The link between AR and CAV is controversial [19, 24, 2730]. Raichlin et al. showed that AR during the first 3 to 6 months after transplantation predisposed patients to onset of CAV [19]. Caforio et al. found that rejection score was an independent predictor of CAV onset, but not severity [30]. Delgado et al. also found that severe acute cellular rejection and donor age were independent predictors of CAV, consistent with the outcome of our univariate analyses [24]. However, only donor age and previous CAD remained as predictors of CAV in our multivariate analysis.

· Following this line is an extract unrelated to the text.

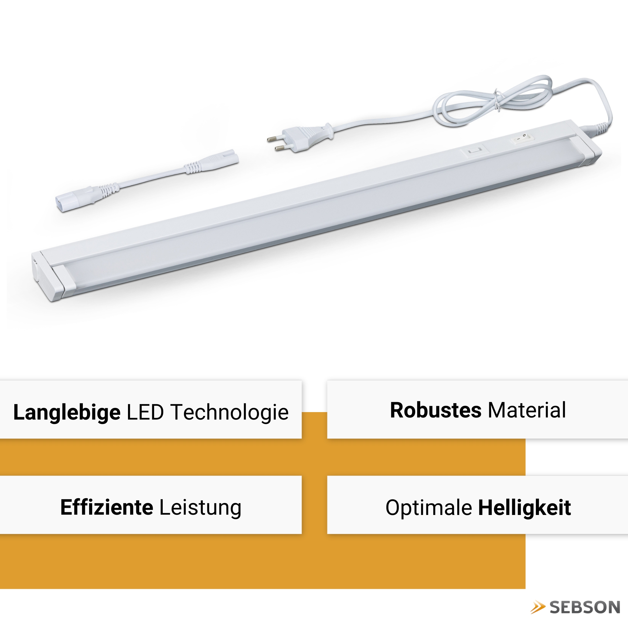 Diese LED Unterbauleuchte von SEBSON wurde für flexible Beleuchtung im Innenbereich entwickelt. Durch das schlanke Design lässt sich diese LED Leiste dezent unter Hängeschränken, an Regalböden oder anderen Flächen montieren und eignet sich damit besonders für Küchen, Wohnbereich, Büro oder Werkstätten.

The strength of our study is the large monocentric study population (n = 226) and the long-term follow-up, with CAV-free survival follow-up over a mean of 8.9 years. A high proportion of the recipients (49 %; 110/226) were diagnosed with CMV disease or asymptomatic CMV infection, making it easier to study the long-term influence of CMV. The same person reviewed all the medical records. A diagnosis of CMV, and CMV-related symptoms, were carefully reviewed and re-evaluated throughout the follow up period making the diagnosis of asymptomatic CMV infection reliable.

Limitations are that this is a retrospective analysis of a heterogeneous patient cohort in which different diagnostic methods and prophylaxis strategies were applied during the observation period. However, after adjustments for the different periods after transplantation (i.e. based on prophylaxis strategy), we found no statistical significant differences in the incidence of CMV disease, asymptomatic CMV infection, CAV status or grade of CAV. In addition, a pathological diagnosis detected by IHC with CMV-specific antibodies was available at all times and was used more frequently than today. The qualitative CMV PCR and, later, quantitative PCR used in our study is more sensitive than viral culture and seroconversion, and makes it possible to treat CMV infection early, before CMV disease occurs. We might, however, have missed some patients with asymptomatic CMV infection since scheduled CMV screening was only performed in the high-risk serology group during the early part of the observation period. We did not include HLA mismatches or lipid levels as variables because of insufficient data. In a systematic review of factors associated with CAV, lipid levels were not shown to be associated with CAV using angiography [31]. Although the coronary angiography used in our study is not as sensitive as intravascular ultrasound, we were able to compare our results to the most recent evidence relating to the long-term effects of CMV infection on CAV using angiography [24]. In addition, coronary angiographies were frequently performed in our population and a cardiologist re-evaluated and graded all coronary angiographies according to the consensus paper of Costanzo et al. [17]. Donor-related CAD was assessed by coronary angiography before transplantation in only a subset of the study cohort. However, the mean age of the donors was low (33 years). We have previously shown that selection of donor hearts older than 40 years of age based on coronary angiography to exclude pre-existing CAD did not reduce the prevalence of CAD nor improved survival among heart recipients between 1988 and 2005 [32].

Conclusions

In this long-term follow up of heart transplant recipients, CMV disease and asymptomatic CMV infection, together with donor age and previous CAD, were independent predictors of angiographic CAV. Our study supports emerging evidence that aggressive strategies to prevent not only CMV disease but also asymptomatic CMV infection may be important in reducing the early and late development of CAV. More studies are required to define the optimal length of CMV prophylaxis and the approach, i.e. pre-emptive vs universal prophylaxis, in order to prevent low-viral replication of CMV.